Total operating income increased by $453.2 million for the six months ended June 30, 2021 to $487.5 million, compared to $34.3 million for the six months ended June 30, 2020. The increase was primarily due to the recognition of the transaction price as a consequence of the termination of the collaboration agreement with Janssen, resulting in the recognition of $315.1 million and the closing of the strategic collaboration for efgartigimod with Zai Lab, resulting in the recognition of $151.9 million in collaboration revenue.

Research and development expenses increased by $84.7 million for the six months ended June 30, 2021 to $273.9 million, compared to $189.3 million for the six months ended June 30, 2020. The increase in the first six months of 2021 resulted primarily from higher external research and development expenses, mainly related to the efgartigimod program in various indications and other clinical and preclinical programs.

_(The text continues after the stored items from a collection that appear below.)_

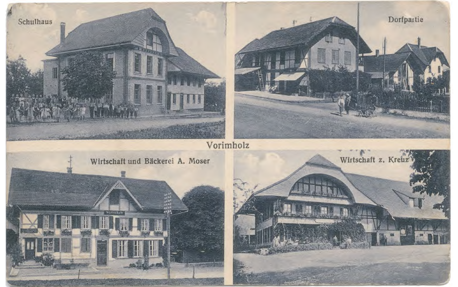
Postkarte, Vorimholz, 1932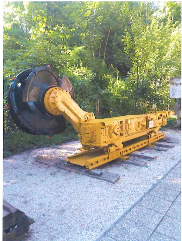
Felújított EWW 130L tip. maróhenger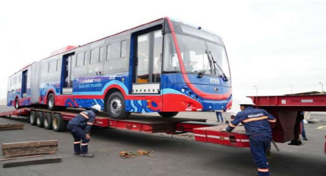
• La Contraloría General del Estado señala que hay responsabilidades civiles y penales en la compra de los trolés de Quito.

Se documentó permitió que el Gerente General de la Epmtpq iniciara la contratación sin respetar los procedimientos previstos en la normativa de compras públicas ni las condiciones del proyecto de inversión. El informe describe que el memorando firmado por el Alcalde habilitó la participación de la Unops y abrió la puerta a un esquema distinto al que exige la inversión pública para la compra de bienes normalizados, como los trolés. Contraloría señala que el proceso avanzó sin subasta inversa, sin la coordinación previa requerida y sin la aplicación del proyecto de inversión aprobado.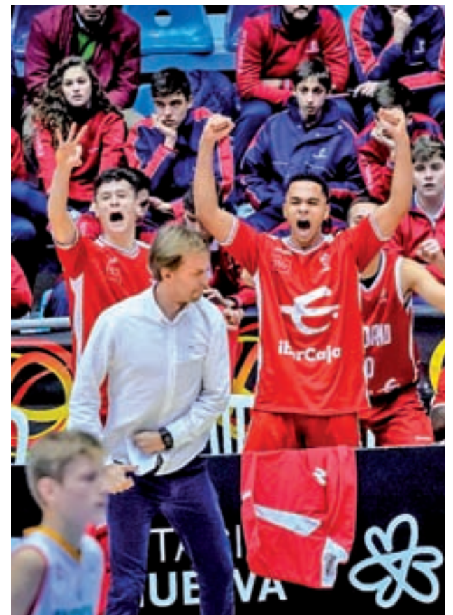
El cadete masculino, campeón por tercera vez consecutiva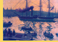
"Savannah", primeiro vapor que cruzou o Atlántico en 1819.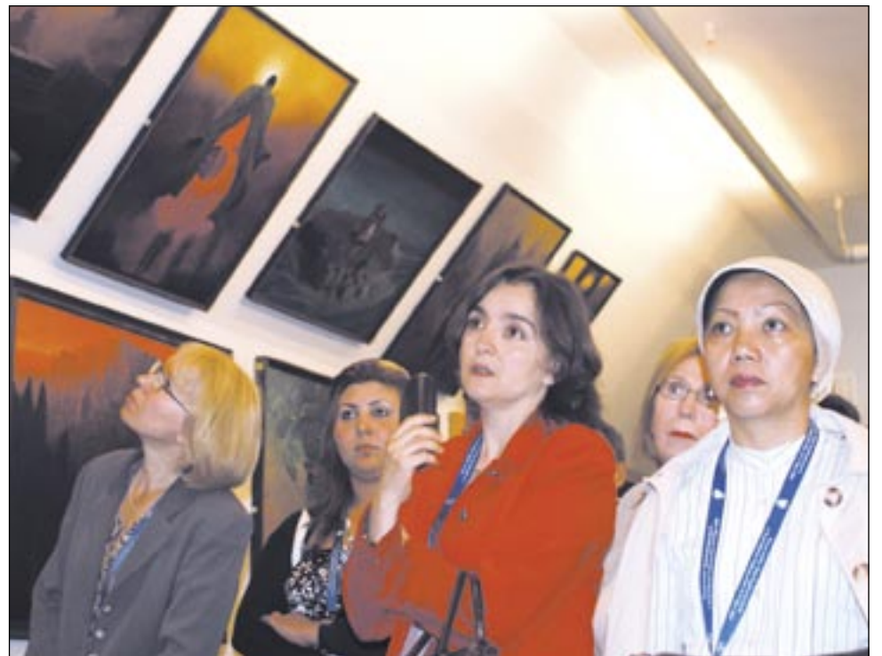
Już niedługo turyści opuszczający Muzeum Historyczne, będą przechodzić przez piękny dziedzińiec. Dziś jest to jeszcze plac budowy.

Przedstawiciele CIT wskazują też na inne ważne dla turystów kwestie – brak informacji w języku obcym oraz niski poziom obsługi. – W sklepach, wypożyczalniach, ale także hotelach i restauracjach informacje często są podawane jedynie w języku polskim. To samo dotyczy dworców i przystanków. Co obcokrajowiec zrozumie z polskiego menu albo pełnego cyfr i liter rozkładu jazdy? Nic. Podobnie jak nie pojmie, że w barze zabrakło lodu, bo poprzedniego dnia było wesoło – a tak właśnie tłumaczył się barman jednego z najlepszych sanockich hoteli... Warto, żeby gestorzy bazy turystycznej zaczęli zwracać na to uwagę i zadbali o odpowiedni poziom kadry. I aby podawali ceny usług na następny sezon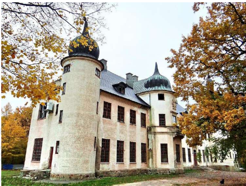
Рис.15. Садба Шувалових-Потоцьких у Тальному (Черкаська область)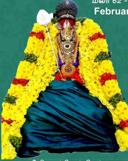
ஸ்ரீ திருகச்சி நம்பிகள்

குரோதி ன்ரு - மாசி மீ மலர் 62 - இதழ் 11 February 2025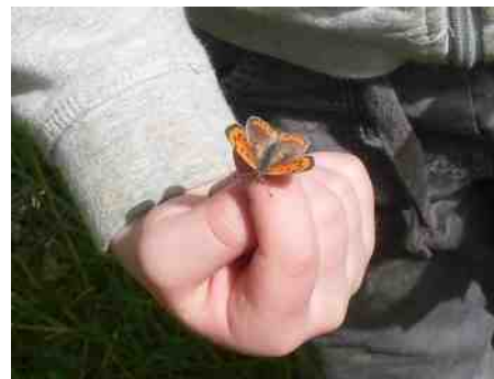
Kleine vuurvlinder (Lycaena phlaeas) op kinderhand.

Furthermore, the research and development personnel expenses increased due to a planned increase in headcount and the increased costs of the share-based payment compensation plans related to the grant of stock options.

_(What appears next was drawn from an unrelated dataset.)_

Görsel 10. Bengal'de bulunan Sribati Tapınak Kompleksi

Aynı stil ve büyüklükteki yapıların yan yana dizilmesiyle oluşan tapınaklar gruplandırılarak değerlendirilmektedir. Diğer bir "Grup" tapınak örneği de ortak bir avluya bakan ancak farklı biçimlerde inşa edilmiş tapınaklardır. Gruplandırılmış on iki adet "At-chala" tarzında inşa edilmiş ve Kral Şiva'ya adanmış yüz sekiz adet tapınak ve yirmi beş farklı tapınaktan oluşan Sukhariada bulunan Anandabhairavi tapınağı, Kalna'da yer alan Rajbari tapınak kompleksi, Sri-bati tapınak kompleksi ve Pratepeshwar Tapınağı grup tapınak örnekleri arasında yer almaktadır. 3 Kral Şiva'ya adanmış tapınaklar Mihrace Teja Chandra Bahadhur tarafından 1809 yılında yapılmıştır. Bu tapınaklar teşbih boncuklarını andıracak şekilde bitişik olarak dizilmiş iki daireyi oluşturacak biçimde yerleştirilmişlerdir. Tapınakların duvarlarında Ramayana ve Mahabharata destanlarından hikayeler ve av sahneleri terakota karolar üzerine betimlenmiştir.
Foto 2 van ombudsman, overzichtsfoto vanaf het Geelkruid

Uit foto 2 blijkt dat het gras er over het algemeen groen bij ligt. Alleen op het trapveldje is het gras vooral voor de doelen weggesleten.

Selling, general and administrative expenses totaled $129.6 million for the six months ended June 30, 2021, compared to $67.9 million for the six months ended June 30, 2020. The increase resulted primarily from higher personnel expenses, including the costs of the share-based payment compensation plans related to the grant of stock options, and consulting fees linked to the preparation of a possible future commercialization of argenx’s lead product candidate efgartigimod.

The change in fair value on non-current financial assets amounted to $11.2 million for the six months ended June 30, 2021, which is the result of the closing of a Series B financing round of AgomAb Therapeutics, for which argenx maintains a profit share in exchange for granting the license for the use of HGF-mimetic antibodies from the SIMPLE AntibodyTM platform.

Exchange losses totaled $18.4 million for the six months ended June 30, 2021, compared to an exchange gain of $0.2 million for the six months ended June 30, 2020. As a result of the change in the Company’s functional and presentation currency, the exchange losses for the six months ended June 30, 2021 are reflecting the unfavorable change in euro/U.S. dollar exchange rate, mainly attributable to unrealized exchange rate losses on cash, cash equivalents and current financial asset position in euro.

FINANCIAL GUIDANCE

Based on current plans to fund anticipated operating expenses and capital expenditures, argenx continues to expect its 2021 cash burn to approximately double from 2020. The increased spend will support the Company’s transition to an integrated immunology company, including the build-out of global commercial infrastructure and drug product inventory ahead of the expected launch of efgartigimod in gMG in the U.S, the advancement of its clinical-stage pipeline, including expected global trials of efgartigimod in six indications, and the continued investment in its Immunology Innovation Program.

EXPECTED 2021 FINANCIAL CALENDAR

October 28, 2021: Q3 2021 financial results and business update

CONFERENCE CALL DETAILS
The half year 2021 financial results and second quarter business update will be discussed during a conference call and webcast presentation today at 2:30 pm CEST/8:30 am ET. A webcast of the live call may be accessed on the Investors section of the argenx website at argenx.com/investors. A replay of the webcast will be available on the argenx website.